▸ What this task involves
Please write out, exactly, every line of the listing from its first line through the one that includes "- The share".

▸ Provided data
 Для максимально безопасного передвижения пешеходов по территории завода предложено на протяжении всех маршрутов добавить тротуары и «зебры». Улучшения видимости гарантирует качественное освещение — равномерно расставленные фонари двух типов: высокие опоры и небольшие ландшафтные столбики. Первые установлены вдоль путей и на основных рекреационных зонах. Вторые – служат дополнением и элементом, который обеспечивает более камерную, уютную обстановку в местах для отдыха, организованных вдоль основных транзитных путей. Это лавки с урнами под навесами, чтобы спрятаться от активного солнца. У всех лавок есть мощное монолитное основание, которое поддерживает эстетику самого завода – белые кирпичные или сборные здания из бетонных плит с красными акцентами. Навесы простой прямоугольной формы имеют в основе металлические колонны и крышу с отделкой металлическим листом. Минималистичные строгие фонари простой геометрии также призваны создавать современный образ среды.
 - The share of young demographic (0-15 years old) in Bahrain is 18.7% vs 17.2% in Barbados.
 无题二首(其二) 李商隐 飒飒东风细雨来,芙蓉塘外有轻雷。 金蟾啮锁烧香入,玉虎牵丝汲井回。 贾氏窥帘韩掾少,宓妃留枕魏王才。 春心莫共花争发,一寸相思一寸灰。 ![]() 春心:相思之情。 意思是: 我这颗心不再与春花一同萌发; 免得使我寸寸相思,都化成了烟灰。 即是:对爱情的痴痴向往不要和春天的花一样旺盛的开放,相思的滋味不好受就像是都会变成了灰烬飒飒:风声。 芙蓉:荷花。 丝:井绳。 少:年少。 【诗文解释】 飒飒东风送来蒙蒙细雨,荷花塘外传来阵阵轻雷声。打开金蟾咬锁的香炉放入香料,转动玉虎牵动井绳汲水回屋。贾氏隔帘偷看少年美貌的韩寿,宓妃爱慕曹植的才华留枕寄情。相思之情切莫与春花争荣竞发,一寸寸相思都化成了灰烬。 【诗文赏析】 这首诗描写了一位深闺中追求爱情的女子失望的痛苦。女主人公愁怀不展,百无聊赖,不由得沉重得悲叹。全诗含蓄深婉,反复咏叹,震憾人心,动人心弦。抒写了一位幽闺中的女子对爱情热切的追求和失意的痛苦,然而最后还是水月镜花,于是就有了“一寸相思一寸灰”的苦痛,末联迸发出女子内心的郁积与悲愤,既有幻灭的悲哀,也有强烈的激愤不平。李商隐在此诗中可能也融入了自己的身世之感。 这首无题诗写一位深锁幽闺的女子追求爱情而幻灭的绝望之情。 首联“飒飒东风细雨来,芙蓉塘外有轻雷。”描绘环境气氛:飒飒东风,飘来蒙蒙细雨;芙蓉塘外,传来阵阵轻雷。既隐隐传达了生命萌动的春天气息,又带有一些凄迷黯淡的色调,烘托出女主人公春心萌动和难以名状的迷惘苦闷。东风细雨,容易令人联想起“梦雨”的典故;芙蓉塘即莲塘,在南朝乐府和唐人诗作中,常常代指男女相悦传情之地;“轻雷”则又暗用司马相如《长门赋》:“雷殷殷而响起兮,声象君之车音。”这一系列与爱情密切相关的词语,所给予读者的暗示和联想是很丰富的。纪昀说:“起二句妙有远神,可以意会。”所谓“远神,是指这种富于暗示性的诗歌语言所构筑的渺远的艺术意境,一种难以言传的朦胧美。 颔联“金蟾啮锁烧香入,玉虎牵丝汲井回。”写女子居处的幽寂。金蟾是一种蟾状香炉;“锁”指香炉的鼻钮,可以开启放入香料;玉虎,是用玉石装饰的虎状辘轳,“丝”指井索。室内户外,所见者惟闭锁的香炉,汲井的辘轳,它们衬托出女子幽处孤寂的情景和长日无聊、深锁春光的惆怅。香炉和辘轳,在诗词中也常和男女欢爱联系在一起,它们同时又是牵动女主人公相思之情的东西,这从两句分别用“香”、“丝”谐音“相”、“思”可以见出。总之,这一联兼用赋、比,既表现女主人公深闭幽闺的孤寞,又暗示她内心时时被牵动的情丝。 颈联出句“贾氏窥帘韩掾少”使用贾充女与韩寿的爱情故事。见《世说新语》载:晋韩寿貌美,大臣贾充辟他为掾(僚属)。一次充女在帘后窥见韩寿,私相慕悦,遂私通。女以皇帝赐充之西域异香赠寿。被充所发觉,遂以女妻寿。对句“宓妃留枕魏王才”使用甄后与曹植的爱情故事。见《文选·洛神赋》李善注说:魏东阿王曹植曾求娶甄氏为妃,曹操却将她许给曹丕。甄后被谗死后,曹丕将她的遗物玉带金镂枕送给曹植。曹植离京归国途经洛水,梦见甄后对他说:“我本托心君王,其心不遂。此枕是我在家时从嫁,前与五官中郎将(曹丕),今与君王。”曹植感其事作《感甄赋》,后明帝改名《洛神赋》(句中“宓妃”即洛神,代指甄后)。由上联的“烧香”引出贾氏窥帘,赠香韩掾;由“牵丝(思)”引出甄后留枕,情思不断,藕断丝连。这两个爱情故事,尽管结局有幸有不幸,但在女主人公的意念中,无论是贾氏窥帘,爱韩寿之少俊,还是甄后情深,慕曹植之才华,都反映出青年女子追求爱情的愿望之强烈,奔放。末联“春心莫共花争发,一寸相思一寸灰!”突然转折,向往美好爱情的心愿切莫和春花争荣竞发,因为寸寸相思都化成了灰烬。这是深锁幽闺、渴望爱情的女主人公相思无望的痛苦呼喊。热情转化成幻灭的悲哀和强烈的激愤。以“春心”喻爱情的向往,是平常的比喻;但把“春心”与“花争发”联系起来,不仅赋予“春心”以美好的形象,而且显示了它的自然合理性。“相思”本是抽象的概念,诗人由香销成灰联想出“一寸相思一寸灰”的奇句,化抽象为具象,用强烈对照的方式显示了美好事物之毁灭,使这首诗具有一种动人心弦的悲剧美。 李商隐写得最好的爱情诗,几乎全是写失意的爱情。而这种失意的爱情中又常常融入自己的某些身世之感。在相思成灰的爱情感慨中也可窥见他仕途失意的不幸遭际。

▸ Solution to the problem
 Для максимально безопасного передвижения пешеходов по территории завода предложено на протяжении всех маршрутов добавить тротуары и «зебры». Улучшения видимости гарантирует качественное освещение — равномерно расставленные фонари двух типов: высокие опоры и небольшие ландшафтные столбики. Первые установлены вдоль путей и на основных рекреационных зонах. Вторые – служат дополнением и элементом, который обеспечивает более камерную, уютную обстановку в местах для отдыха, организованных вдоль основных транзитных путей. Это лавки с урнами под навесами, чтобы спрятаться от активного солнца. У всех лавок есть мощное монолитное основание, которое поддерживает эстетику самого завода – белые кирпичные или сборные здания из бетонных плит с красными акцентами. Навесы простой прямоугольной формы имеют в основе металлические колонны и крышу с отделкой металлическим листом. Минималистичные строгие фонари простой геометрии также призваны создавать современный образ среды.
 - The share of young demographic (0-15 years old) in Bahrain is 18.7% vs 17.2% in Barbados.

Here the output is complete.